C'est à cette époque, dans les années soixante, qu'est tournée ce qui est peut-être le premier documentaire sur le sujet, Titicut follies de Frederic Wiseman. Cette œuvre, qui dénonce les conditions d'internement des criminels considérés comme fous irrécupérables, fera date. A la fois dans l'esthétique documentaire elle-même, et dans un genre que l'on pourrait nommer "films sur les institutions". Remarquons au passage que John Cassavates fut, en 1963, le premier à montrer des enfants psychotiques dans une fiction, en l'occurence Un Enfant attend. Quant au domaine plus spécifique du documentaire, seront réalisés un grand nombre de films s'arrêtant sur les lieux de prise en charge. Il faut retenir surtout Ce Gamin-là de Renaud Victor, Urgences de Depardon et, plus près de nous, La Moindre des choses de Nicolas Philibert et La Devinière. Alors qu'auparavant, du temps de l'antipsychiatrie, les films montraient ce qui était, ils tendent aujourd'hui plutôt à présenter ce qui pourraient être en montrant des institutions alternatives généralement issu de la contestation des décennies précédentes. A ce titre signalons le singulier film de Jean-Michel Carré, Visiblement je vous aime, où documentaire et fiction servent à dépeindre la vie au Coral fondé par Claude Sigala.

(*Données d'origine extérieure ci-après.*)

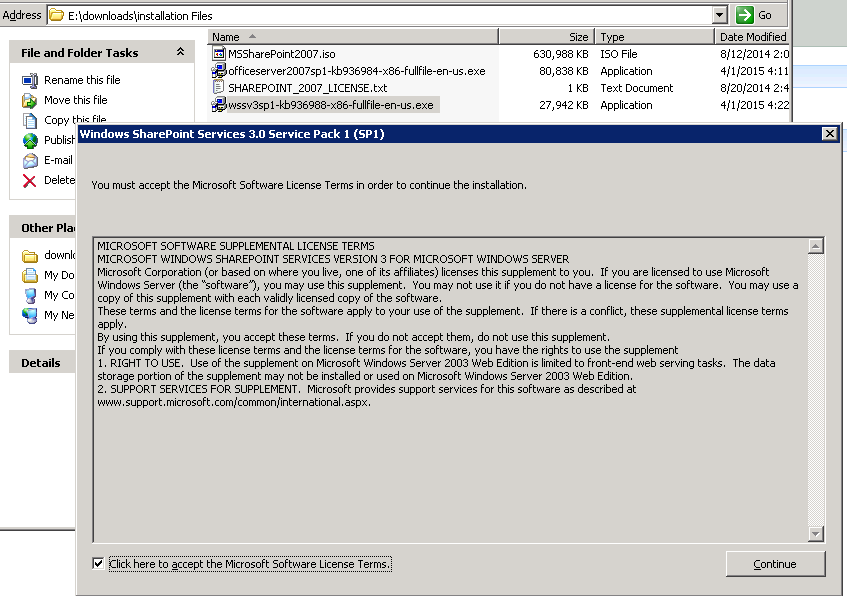 65. Double-click on SharePoint service pack 1 exe file. Check the check box and click on Continue.

Quelles que soient leurs qualités, et elles sont nombreuses, on est cependant en droit de penser que la plupart de ces films parlent plus de l'enfermement, que de la nature de la folie. Il y a d'ailleurs gageure pour un documentariste de parler d'un monde intérieur en ne restant, par définition, qu'à la surface des choses. Sur ce terrain, on pourrait croire que la fiction a un avantage. Ce serait se tromper. Rain man, Sweetie, Un ange à ma table, Clean shaver, Lost Highway, Les Idiots, etc... Tous tentent de nous transmettre grâce au médium cinématographique un peu de la réalité interne de celui que l'on dit fou. Mais chacun ne fait qu'utiliser la folie pour discourir sur l'oppression ou l'incommunicabilité, et ne propose qu'une vision spectaculaire, donc séduisante, donc rassurante, de cette réalité.

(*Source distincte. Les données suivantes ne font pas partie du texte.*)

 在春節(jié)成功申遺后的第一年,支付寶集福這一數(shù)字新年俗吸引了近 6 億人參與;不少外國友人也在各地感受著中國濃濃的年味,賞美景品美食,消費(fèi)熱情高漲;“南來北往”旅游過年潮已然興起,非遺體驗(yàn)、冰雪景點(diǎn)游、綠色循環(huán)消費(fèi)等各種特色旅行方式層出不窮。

Un seul film a peut-être réussi à rendre sensible la vie intérieure d'un psychotique: Eraserhead. David lynch a réussi là où les autres ont échoué justement parce que son but n'était pas là. C'est comme par incidence ou par accident qu'il est arrivé à ce résultat. Il s'est simplement laissé porter par des angoisses qui le travaillaient de manière souterraine et les a mis en images. Il a mis en acte ce principe qui veut que le normal s'éclaire à la lumière du pathologique, et qui donc affirme une continuité, une même nature entre l'un et l'autre.

Le cinéma n'a pas su ou n'a pas voulu toujours entendre cela. Et c'est peut-être pour ça que, dans son immense majorité, il n'a pas voulu penser la maladie mentale. Il s'en est détournée pour, au font, parler de choses plus contemporaines, plus immédiates, et souvent plus accommodantes. Il n'a pas su faire cette école du regard où l'étude des troubles mentaux aurait pu l'amener. Il en serait pourtant capable. Mais, pour cela, il devrait se débarrasser des idées préconçues qui le protègent.